Answer
The graph of $f$ has a tangent at the origin.
Work Step by Step
$f(x)=x^2\sin(1/x)$ for $x\ne0$ and $f(x)=0$ for $x=0$
For the graph of $f$ to have a tangent at the origin, the value of its slope there, the derivative $f'(0)$, must exist.
In other words, we will see if the formula for $f'(0)$ exists or not.
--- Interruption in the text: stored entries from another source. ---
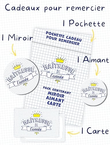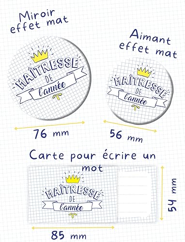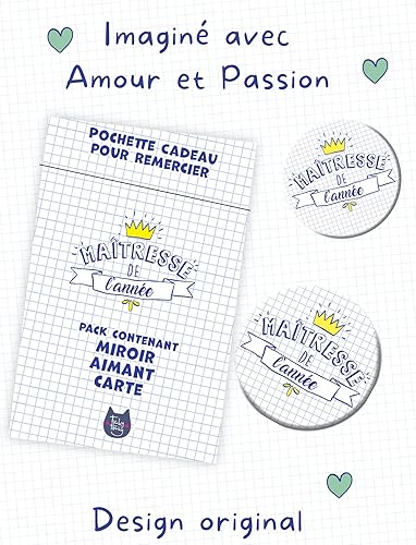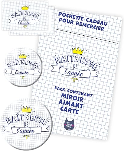 Ticky-Tacky Kit Cadeau Maîtresse Pack Carte + Miroir + Aimant Maîtresse de l'année Couronne | Cadeau pour la maîtresse
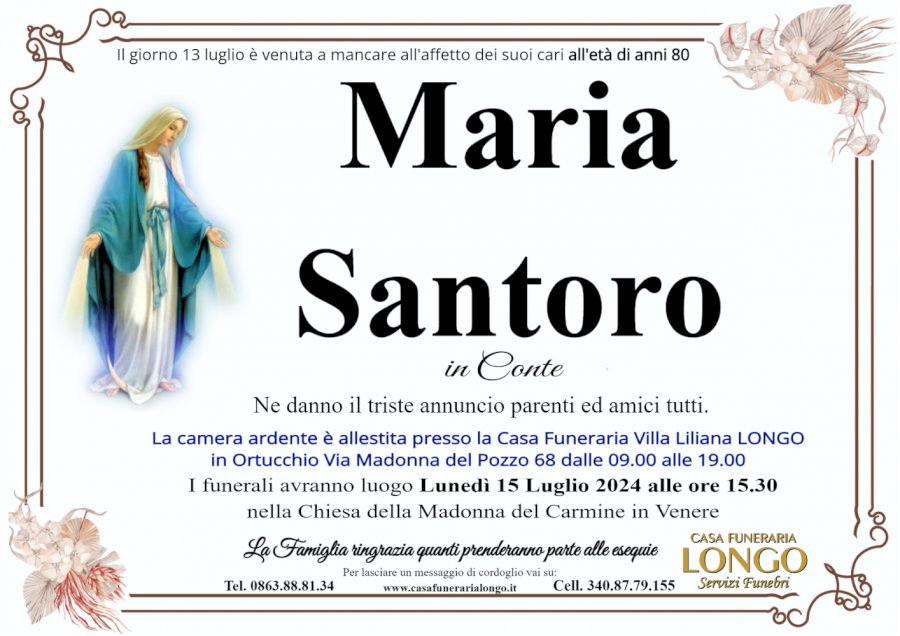 Il giorno 13 luglio è venuta a mancare all'affetto dei suoi cari all'età di anni 80 Maria Santoro in Conte Ne danno il triste annuncio parenti ed amici tutti. La camera ardente è allestita presso la Casa Funeraria Villa Liliana LONGO in Ortucchio Via Madonna del Pozzo 68 dalle 09.00 alle 19.00 I funerali avranno luogo Lunedì 15 Luglio 2024 alle ore 15.30 nella Chiesa della Madonna del Carmine in Venere La Famiglia ringrazia quanti prenderanno parte alle esequie Per lasciare un messaggio di cordoglio vai su: Tel. 0863.88.81.34 www.casafunerarialongo.it Cell. 340.87.79.155 CASA FUNERARIA LONGO Servizi Funebri
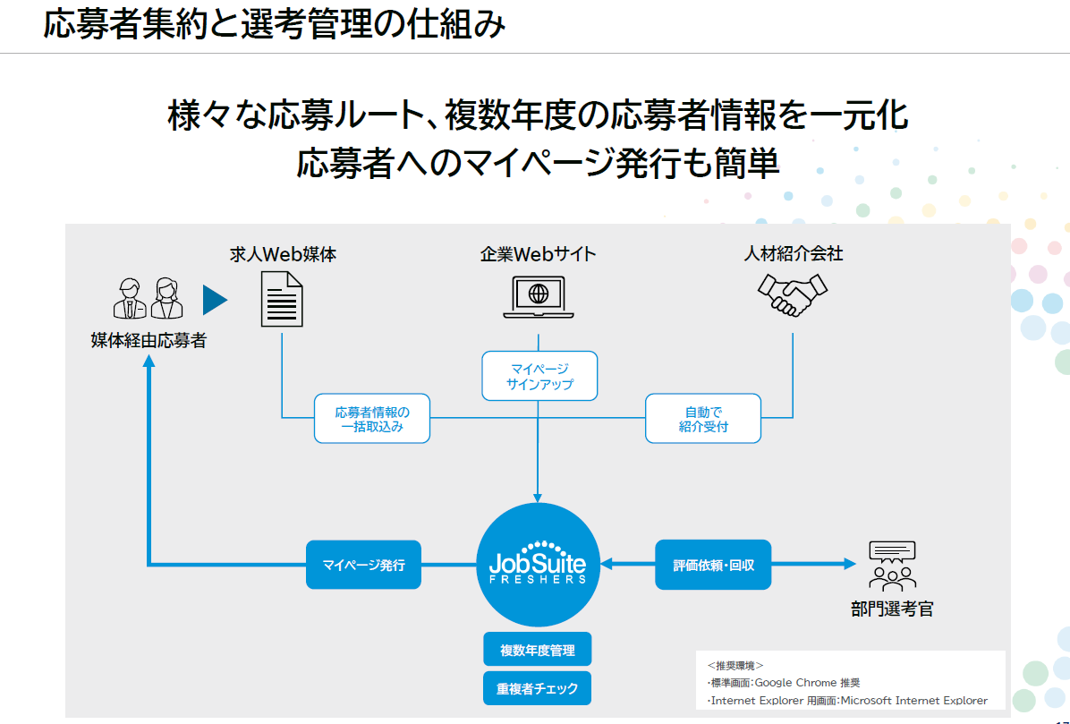 「ジョブスイート フレッシャーズ」は、新卒採用の特徴を踏まえ、運用に必要な機能をどなたでも簡単にお使いいただけるシンプルな設計でご提供いたします。

In detail,
$$f'(0)=\lim_{h\to0}\frac{f(h+0)-f(0)}{h}=\lim_{h\to0}\frac{f(h)-f(0)}{h}$$
Remember here that
- For $h\to0$, $h$ does not equal $0$, so $f(h)=h^2\sin(1/h)$
- For $f(0)$, having $x=0$ means $f(0)=0$
$$f'(0)=\lim_{h\to0}\frac{h^2\sin(1/h)-0}{h}=\lim_{h\to0}\frac{h^2\sin(1/h)}{h}$$
$$f'(0)=\lim_{h\to0}\Big(h\sin(1/h)\Big)$$
It is known that $-1\le\sin(1/h)\le1$
So, $-h\le h\sin(1/h)\le h$
Because $\lim_{h\to0}h=\lim_{h\to0}-h=0$, according to the Sandwich Theorem, $$f'(0)=\lim_{h\to0}\Big(h\sin(1/h)\Big)=0$$
In other words, $f'(0)$ does exist, and so does the slope of the tangent to $f$ at the origin. Therefore, the graph of $f$ has a tangent at the origin.